DIRECTIONS
Please set out each line below exactly as it stands, without the images.

[Stored items]
□ □ □ □ □

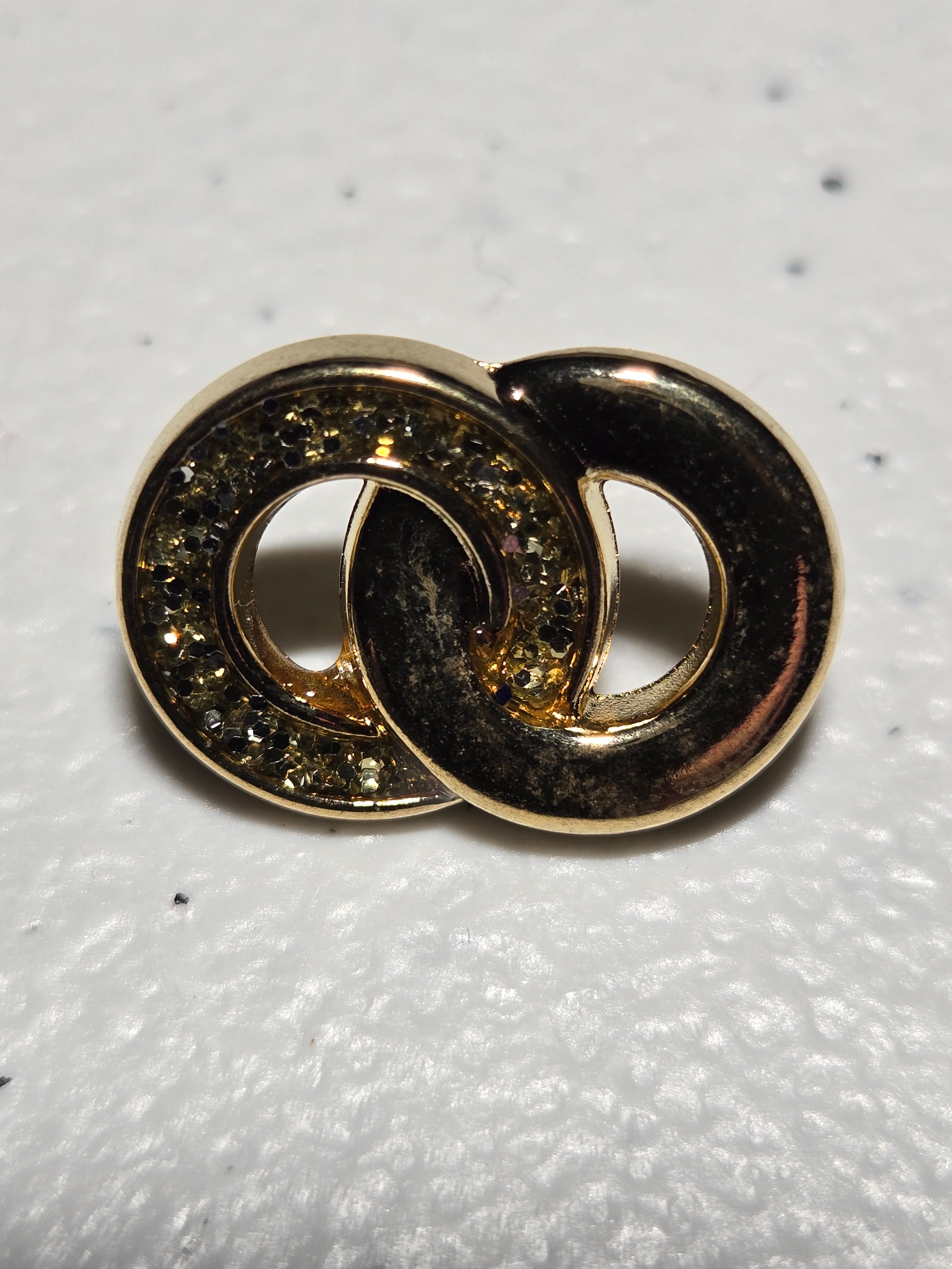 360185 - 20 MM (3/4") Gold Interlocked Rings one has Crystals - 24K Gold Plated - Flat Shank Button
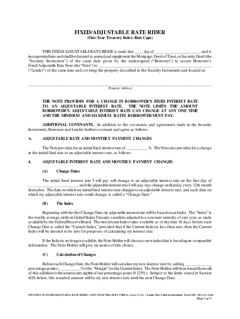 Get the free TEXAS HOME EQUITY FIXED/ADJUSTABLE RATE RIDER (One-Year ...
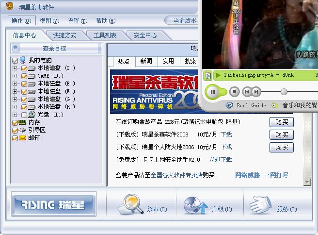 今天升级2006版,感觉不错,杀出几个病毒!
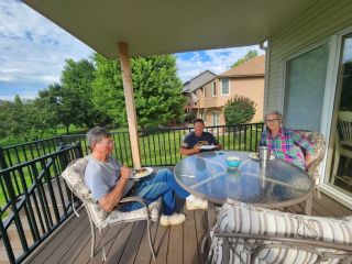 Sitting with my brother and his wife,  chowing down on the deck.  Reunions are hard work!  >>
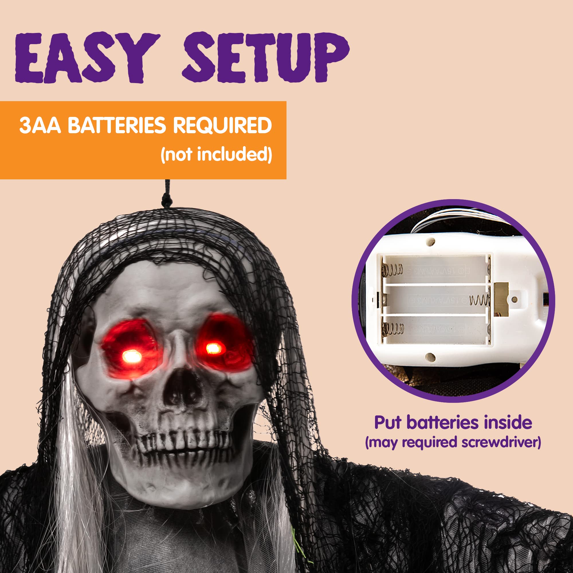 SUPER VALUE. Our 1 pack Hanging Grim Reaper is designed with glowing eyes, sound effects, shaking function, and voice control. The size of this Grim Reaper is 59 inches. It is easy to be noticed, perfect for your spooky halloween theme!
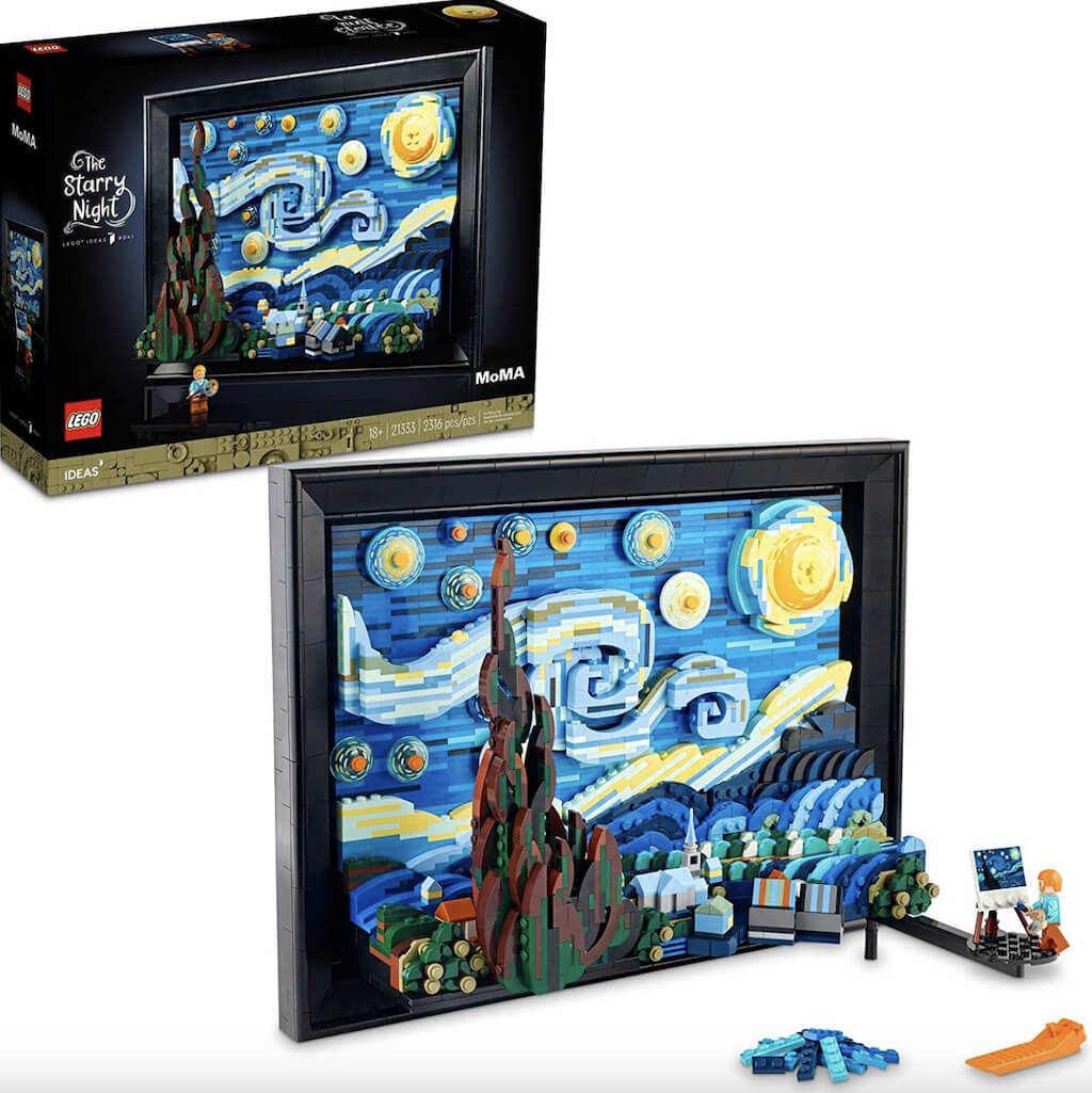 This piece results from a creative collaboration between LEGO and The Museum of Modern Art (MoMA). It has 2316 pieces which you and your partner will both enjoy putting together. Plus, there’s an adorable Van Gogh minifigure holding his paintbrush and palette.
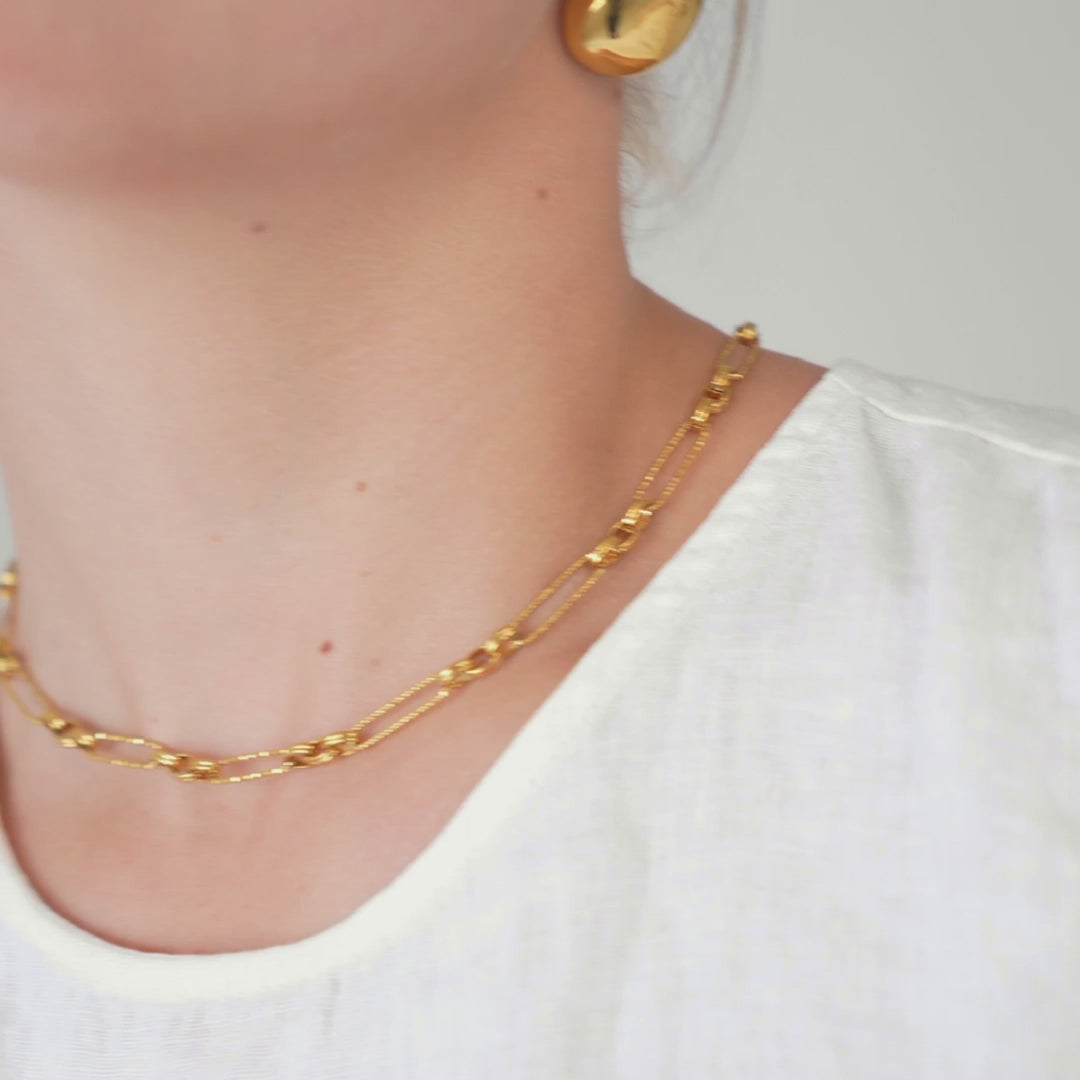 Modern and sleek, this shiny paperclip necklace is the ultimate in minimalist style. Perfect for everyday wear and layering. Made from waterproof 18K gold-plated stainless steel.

□ □ □ □ □

ANSWER TO THE PROBLEM
 360185 - 20 MM (3/4") Gold Interlocked Rings one has Crystals - 24K Gold Plated - Flat Shank Button
 Get the free TEXAS HOME EQUITY FIXED/ADJUSTABLE RATE RIDER (One-Year ...
 今天升级2006版,感觉不错,杀出几个病毒!
 Sitting with my brother and his wife,  chowing down on the deck.  Reunions are hard work!  >>
 SUPER VALUE. Our 1 pack Hanging Grim Reaper is designed with glowing eyes, sound effects, shaking function, and voice control. The size of this Grim Reaper is 59 inches. It is easy to be noticed, perfect for your spooky halloween theme!
 This piece results from a creative collaboration between LEGO and The Museum of Modern Art (MoMA). It has 2316 pieces which you and your partner will both enjoy putting together. Plus, there’s an adorable Van Gogh minifigure holding his paintbrush and palette.
 Modern and sleek, this shiny paperclip necklace is the ultimate in minimalist style. Perfect for everyday wear and layering. Made from waterproof 18K gold-plated stainless steel.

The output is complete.